Task input:
##############################
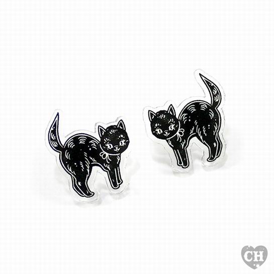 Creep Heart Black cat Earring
##############################
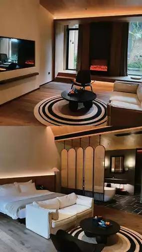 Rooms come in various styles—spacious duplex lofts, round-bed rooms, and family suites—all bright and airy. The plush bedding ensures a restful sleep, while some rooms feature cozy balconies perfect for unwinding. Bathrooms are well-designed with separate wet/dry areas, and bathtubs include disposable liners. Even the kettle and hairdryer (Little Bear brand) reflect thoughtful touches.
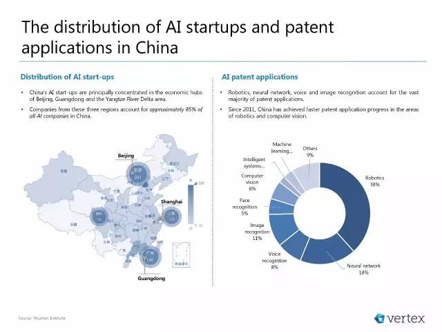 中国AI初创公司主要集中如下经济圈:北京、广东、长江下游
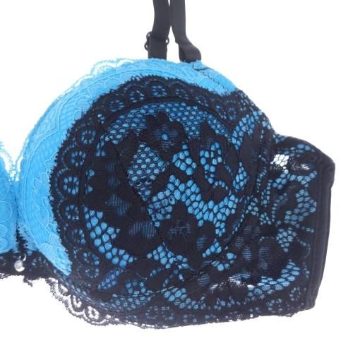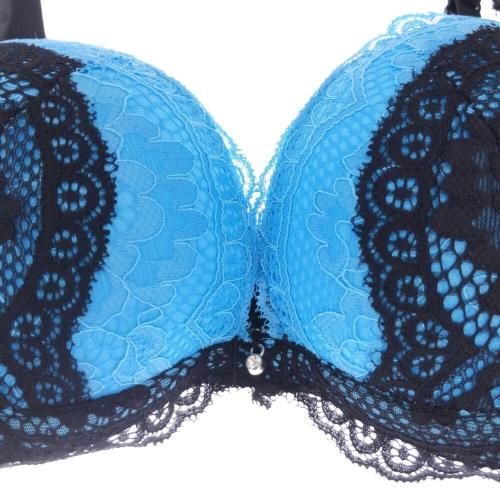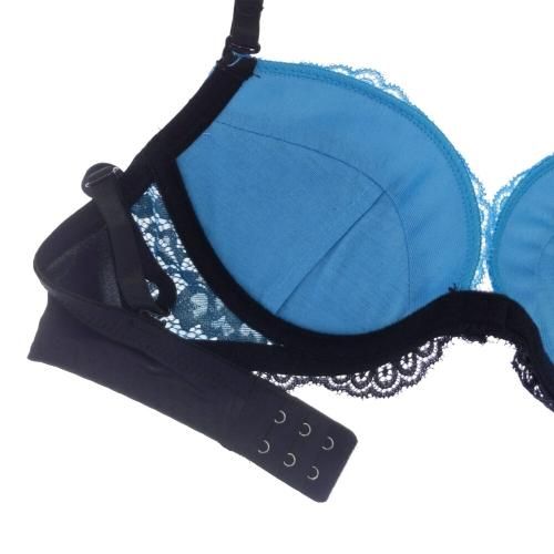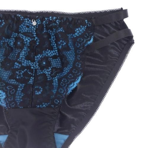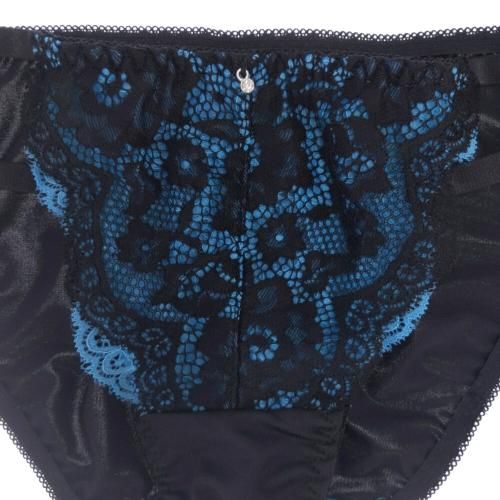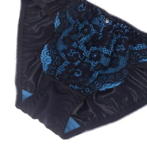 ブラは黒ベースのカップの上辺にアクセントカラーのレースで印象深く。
##############################
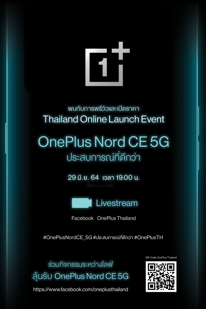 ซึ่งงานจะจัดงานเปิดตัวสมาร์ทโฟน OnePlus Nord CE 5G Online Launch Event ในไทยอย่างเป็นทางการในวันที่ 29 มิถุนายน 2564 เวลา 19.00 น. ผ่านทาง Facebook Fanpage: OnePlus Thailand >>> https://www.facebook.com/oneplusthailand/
##############################
Task requirements:
Give again, exactly as written above, each line from the one that has "中国AI初创公司主要集中如下经济圈:北京、广东、长江下游" to the one that has "ブラは黒ベースのカップの上辺にアクセントカラーのレースで印象深く。", both included; omit the pictures.

Result below:
 中国AI初创公司主要集中如下经济圈:北京、广东、长江下游
 ブラは黒ベースのカップの上辺にアクセントカラーのレースで印象深く。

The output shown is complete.